Like ChrisL I am now wondering what happens if you apply this to music.

Or maybe even analyse adjacent pixels in graphics/photos and see what kind of weird amorphous blob it produces.

Interesting…

I’m thinking tweetkov, make a twitter account, follow as many people as possible, use their random gibberish as input and see if tweetkov’s tweets make any more sense than the average twitter user. :wink:

…I just might do that.

Any good sources for Markov chain generators which take binary input? It could be fun to see what kind of executables it would produce…

Could this be used to test a platform’s stability? I guess Markov chains would generate something executable much more often than a simple random binary generator, if based on existing binaries.

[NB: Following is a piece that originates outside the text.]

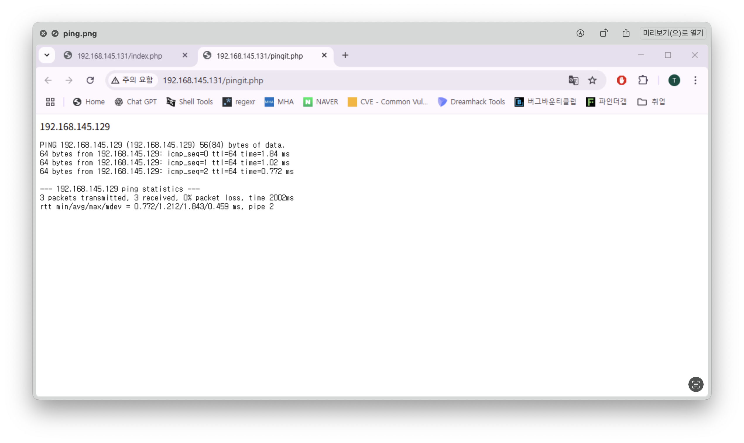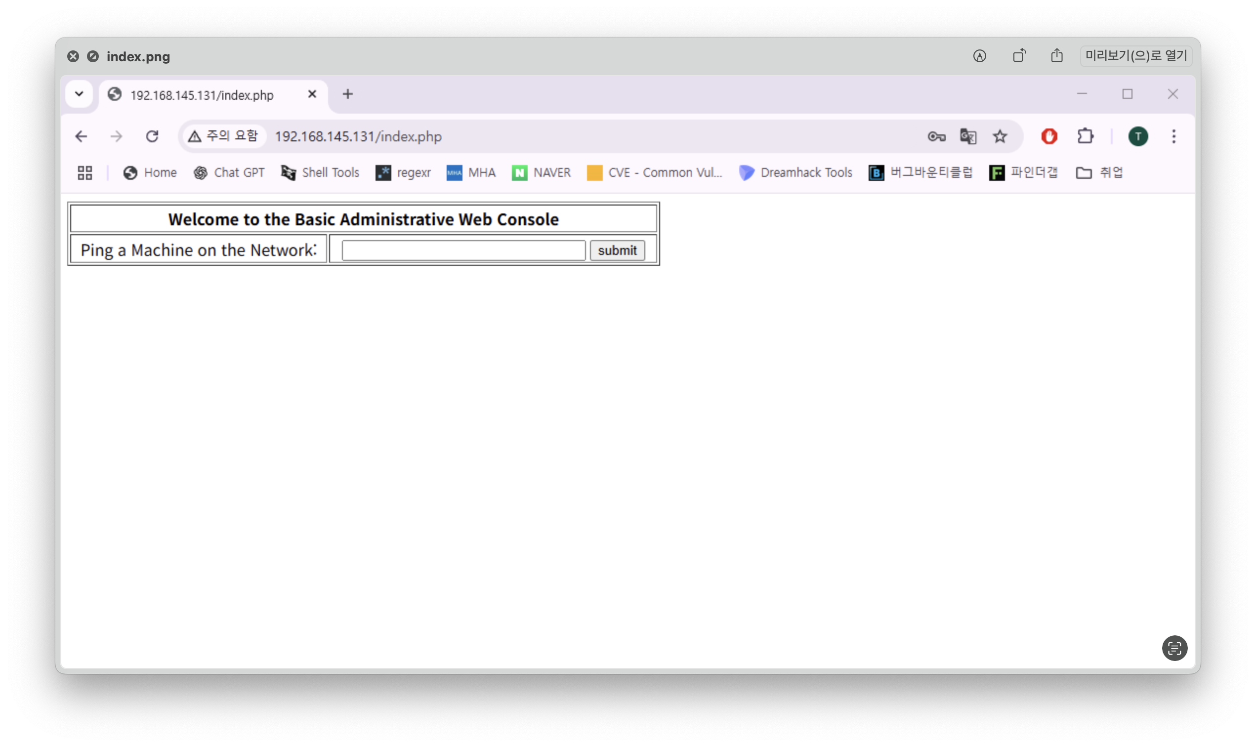 핑을 보낼수 있다는 것은 ping [입력란] 이런 구조이므로 어떤 형식으로 되어 있는지는 잘 모르겠지만, Command Injection을 노려봐야 한다.
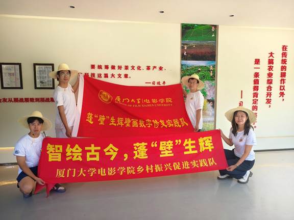 实践队队名蓬“壁”生辉,源自队伍与光泽县崇仁乡明清古街的壁画修复合作。团队自去年起就紧密关注光泽崇仁壁画数字修复工作,此前多次赴崇仁乡收集素材与资料,就壁画数字修复工作与乡干部展开深入探讨。

interesting. i never knew what a markov chain was before… even though i have implemented more than one… after all getting a distribution from data and then using it to produce a model by sampling the distribution isn’t really a big leap of understanding. i’d always just labelled this as “a monte-carlo method” and never accorded it special distinction…

interesting that it is so effective for langauge too… although still, the sentences are gibberish. however… i wonder if a more comprehensive model of writing could not be made by analysing more than just the constituent letters of words or their order in text.

something for me to mess with coding whilst bored at work anyway… :slight_smile:

"Or maybe even analyse adjacent pixels in graphics/photos and see what kind of weird amorphous blob it produces."
I’m wondering if the new game Spore uses something like Bayesian or Markovian chains for its procedurally generated artwork.

I would actually really like to see a procedurally generated computer game storyline based around Markov chains. I very much doubt anyone would notice…